My calendar icon also says ‘Wed 14’.
And Wednesday? The anniversary party was on Thursday. Today is Friday.
Isn’t it?
I’m still puzzling what this all means when the doors beside me open.
It’s my stop. People inside the carriage start jostling, getting ready to squeeze through the bodies and get off.
More are waiting to cram themselves into the already stuffed and humid carriage.
I angle my shoulder, allowing myself to squeeze between two people, and step down onto the platform.
I weave in and out of the crowd until I’m standing at the barriers. After pulling my ticket from my pocket, I pause before feeding it into the machine and look around, catching the eye of the railway employee on duty. ‘What day is it today?’ I ask.
‘Wednesday,’ the woman says.
‘And the date?’
‘Did you bring an old ticket?’ she says, scowling. ‘Because you’ll need to buy a new one if you can’t prove you’ve paid your fare.’
I shake my head. ‘Just … ’ I clear my throat ‘ … need to check something.’
She looks at me as if I’m an idiot, but says, ‘May the fourteenth.’
My stomach drops to the soles of my feet. ‘And the year?’
She gives her colleague standing a short distance away a ‘we’ve got a right one here’ kind of look and then adds, ‘2014.’
It’s as if a warm and violent wind rushes not just past me but right through me as I register her words.
I’m shaking as the barrier eats my ticket and then spits it out again.

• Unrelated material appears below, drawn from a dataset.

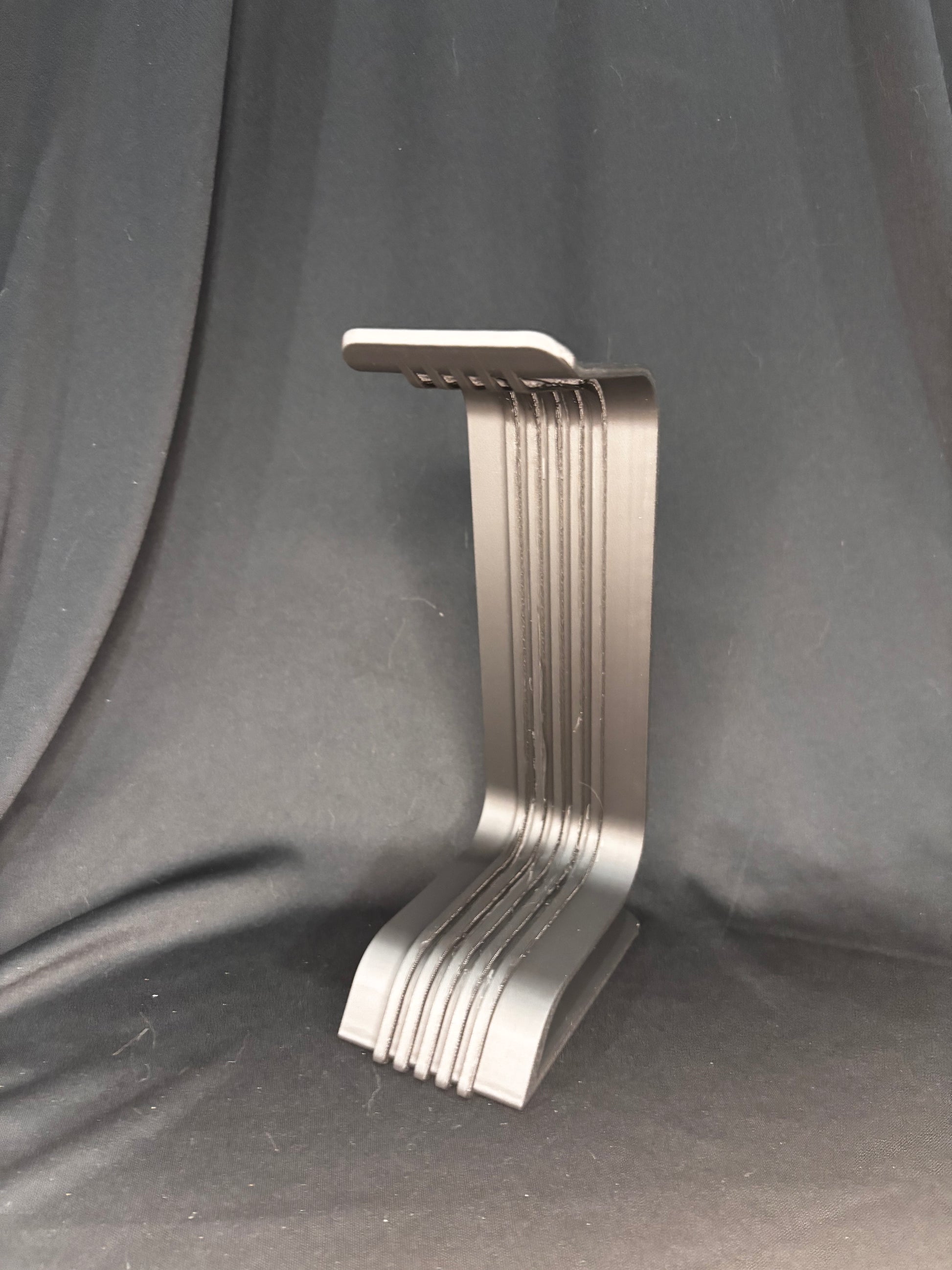 Keep your headphones looking sharp and ready for action with this sleek black stand. Designed to showcase your audio gear while keeping it safely elevated and within arm's reach, it's the perfect desktop companion for music lovers and gamers alike. The minimalist aesthetic complements any setup, from gaming rigs to creative workspaces. Say goodbye to tangled cables and hello to organized style! Item approximately 11" tall. Headphones NOT included.

I’m carried through the ticket hall by the steady stream of people, all heading off somewhere with determination and purpose.
Eventually I stop walking and they just tut and flow around me.
The only thing I can do is stare at my phone. My phone but not my phone.
And the stories in the newspapers are all from years gone by.
And Priya is texting me from a job I left close to a decade ago.
I pull up the camera on my phone, flip it to selfie mode and take a really hard look at what I see.
The face staring back is me but, like my phone, it is also not me.
At least, not who I am now. I look very much like I did twelve years ago, which means I was wrong about my skin looking as if I was still twenty-five.
If this really is 2014, I’m actually twenty-three.